▸ EXERCISE REQUIREMENTS: From the data below, repeat everything exactly except the images.

▸ SUPPLIED DATA:

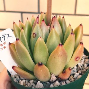 葉先がピンクになる子はいくつもあるようだけどこの子は誰なんだろう🤔 葉の形で検索したら Echeveria agavoides 'Red Tip'か'Saggita'というのが似ているけれど **更新** 日本名では桜吹雪🌸 素敵な名前でワクワクです😆 回答下さった方ありがとうございました😊
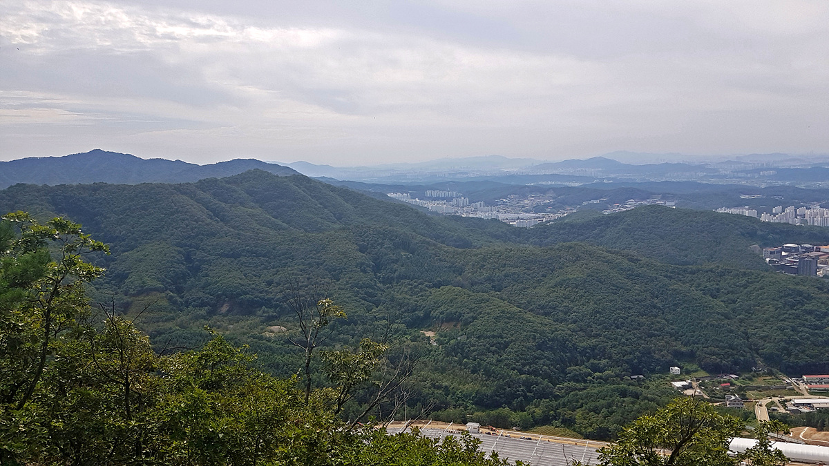 (나무 사이 금곡리 일대 차량기지 공사장이 내려 보이고)
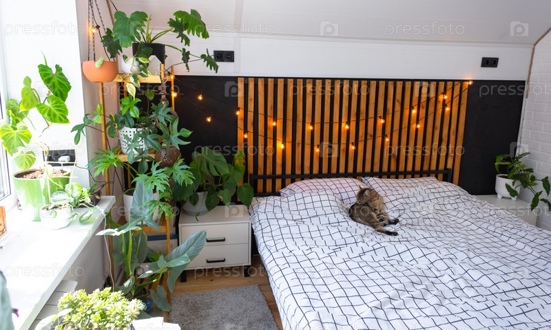Домашняя кошка лежит на покрывале, моет лицо и лижет мех в интерьере спальни в стиле лофт, черная стена с деревянными планками, металлическая кровать, гирлянда из ретро-лампочек

▸ ANSWER SPACE:
 葉先がピンクになる子はいくつもあるようだけどこの子は誰なんだろう🤔 葉の形で検索したら Echeveria agavoides 'Red Tip'か'Saggita'というのが似ているけれど **更新** 日本名では桜吹雪🌸 素敵な名前でワクワクです😆 回答下さった方ありがとうございました😊
 (나무 사이 금곡리 일대 차량기지 공사장이 내려 보이고)
Домашняя кошка лежит на покрывале, моет лицо и лижет мех в интерьере спальни в стиле лофт, черная стена с деревянными планками, металлическая кровать, гирлянда из ретро-лампочек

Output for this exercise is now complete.